This is an appeal from a judgment of the district' court reversing an order of the probate court of Canyon County by which the purported will of William A.' Black, deceased, had been admitted to probate. The only issue before the district court was whether or not the purported will had been entirely written, dated and signed by the deceased. The case was tried before the court and a jury, the latter returning a verdict that the deceased did not write, date and sign the document in question.

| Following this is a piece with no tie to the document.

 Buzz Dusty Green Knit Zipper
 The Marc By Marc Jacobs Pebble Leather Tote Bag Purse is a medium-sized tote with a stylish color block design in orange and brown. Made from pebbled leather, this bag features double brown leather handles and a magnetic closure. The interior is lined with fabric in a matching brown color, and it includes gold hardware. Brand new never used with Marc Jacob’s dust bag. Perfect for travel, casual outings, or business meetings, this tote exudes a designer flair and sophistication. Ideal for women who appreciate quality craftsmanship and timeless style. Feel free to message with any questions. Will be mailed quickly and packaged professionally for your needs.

Appellant seeks to bring the case within the rule announced by this court in Roby v. Roby, 10 Ida. 139, 77 Pac. 213, and followed in the cases of Stoneburner v. Stoneburner, 11 Ida. 603, 83 Pac. 938; Van Camp v. Emery, 13 Ida. 202, 89 Pac. 752; Van Camp v. Breyer, 13 Ida. 209, 89 Pac. 754; Village of Sandpoint v. Doyle, 14 Ida. 749, 95 Pac. 945; 17 L. R. A., N. S., 497; Council Imp. Co. v. Draper, 16 Ida. 541, 102 Pac. 7; Spofford v. Spofford, 18 Ida. 115, 108 Pac. 1054; Parsons v. Wrble, 19 Ida. 619, 115 Pac. 8, 13, that “Where a trial has been had entirely upon depositions and the trial court has not seen and heard the witnesses, the appellate court is in as favorable position for judging of the truthfulness of the witnesses and weight of the evidence as the trial judge, and will consider the same as if originally heard in the appellate court. ’ ’
The rule sought to be applied in this case is not in point, for the reason that all of the material testimony offered and received was not in writing and did not consist of evidence of written, documents or writings of the deceased, but was made up both of documentary evidence and much conflicting oral testimony.

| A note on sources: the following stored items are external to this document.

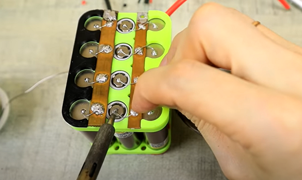 Далее мы соединяем контакты в параллельную цепь с помощью скоб от степлера или проволоки. Их нужно припаять к батарейкам. После – соединяем цепи последовательно. Перед пайкой нужно все поверхности обезжирить.
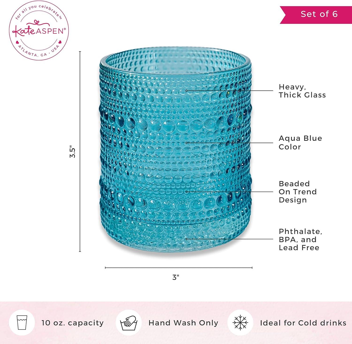 Kate Aspen Sage Green Hobnail Beaded Drinking Glasses Set of 6-10 oz Vintage Glassware Set Cocktail Glass Set, Juice Glass, Water Cups | Makes A Great Hostess Gift or Gift for New Home Owners(Aqua Blue)
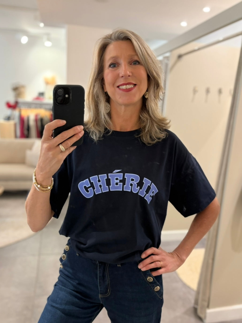 T-shirt met met opdruk Cherie. Het shirt heeft een onderboord en valt enigszins bloezend.
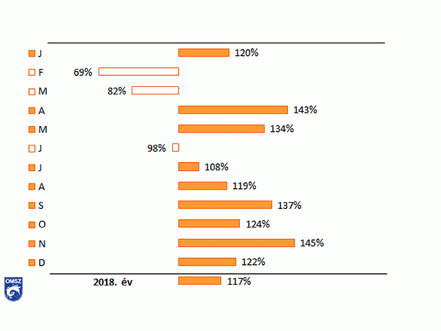 Országos átlagban 17 %-kal több napsütéses órát élvezhettünk 2018-ban, mint az 1981-2010-es sokévi átlag (normál: 2002 óra; 2018: 2340 óra). Ezúttal május bizonyult a leginkább napfényesnek a hónapok közül, de a vártnál legnagyobb eltérést novemberben és áprilisban tapasztaltuk (25. ábra), mivel a sokévi átlagnál 40%-nál többet összegeztük ekkor az országban. A normál időszakhoz képest szinte minden hónapban magasabb volt a napsütéses órák száma, csupán a februárra és márciusra vonatkozó érték maradt el jelentősebben az ilyenkor megszokott napfénytartam értékétől (26. ábra).
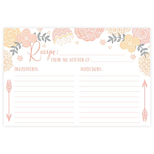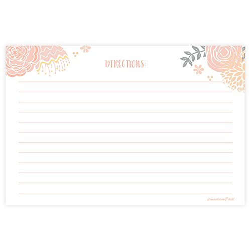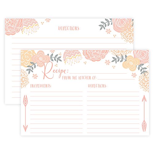 Pink Floral Recipe Cards (Set of 50) 4 x 6 Double Sided Cards

This court held in Ainslie v. Idaho World Printing Co., 1 Ida. 641, that where the material evidence is not all documentary, but is in part oral, the rule contended for by the appellant does not apply. The distinction was later clearly pointed out in Jones v. Marshall, 24 Ida. 678, 135 Pac. 841, in the following language:
“In the first place, it has been suggested that under the rule announced by this court in Roby v. Roby, 10 Ida. 139, *229[77 Pac. 213], .... it is our duty to examine and weigh the evidence in this case as though it were being originally tried before this court. The fact that oral testimony was introduced before Judge Flynn, who rendered the decree in this ease, is a sufficient and complete answer to the contention made in this respect. This court has never departed from the rule that it will not disturb a judgment entered upon conflicting evidence where any part of the evidence has been given by the witnesses in person before the trial Court. The rule applied in the foregoing cases applies only to a case where no witnesses were produced before the trial court or where the whole case was submitted on depositions, report of referee, or documentary evidence, and no witnesses appeared and testified before the court.”

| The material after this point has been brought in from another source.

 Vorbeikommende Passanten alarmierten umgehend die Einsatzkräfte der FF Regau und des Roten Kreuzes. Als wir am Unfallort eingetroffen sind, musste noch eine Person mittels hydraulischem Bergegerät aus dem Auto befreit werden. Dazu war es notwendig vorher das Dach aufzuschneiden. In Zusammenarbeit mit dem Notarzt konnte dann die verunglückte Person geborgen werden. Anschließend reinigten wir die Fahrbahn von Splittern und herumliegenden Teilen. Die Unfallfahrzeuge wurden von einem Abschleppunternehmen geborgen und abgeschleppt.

It is apparent, therefore, that the case falls clearly within the rule, so frequently announced, that this court will not disturb either the verdict of a jury or the finding of the trial Court where the evidence is conflicting and there is substantial evidence to support either the verdict or the finding. (Hardy v. Ward, 31 Ida. 1, 168 Pac. 1075; Casady v. Stuart, 29 Ida. 714, 161 Pac. 1026; HempMll v. Moy, 31 Ida. 66, 169 Pac. 288; Brown v. Hardin, 31 Ida. 112, 169 Pac. 293; Fleming v. Benson, 32 Ida. 103, 178 Pac. 482; Lisenby v. Intermountain State Bank, ante, p. 101, 190 Pac. 355.)
The judgment is affirmed. Costs awarded to respondent.
Morgan, C. J., and Bice, J., concur.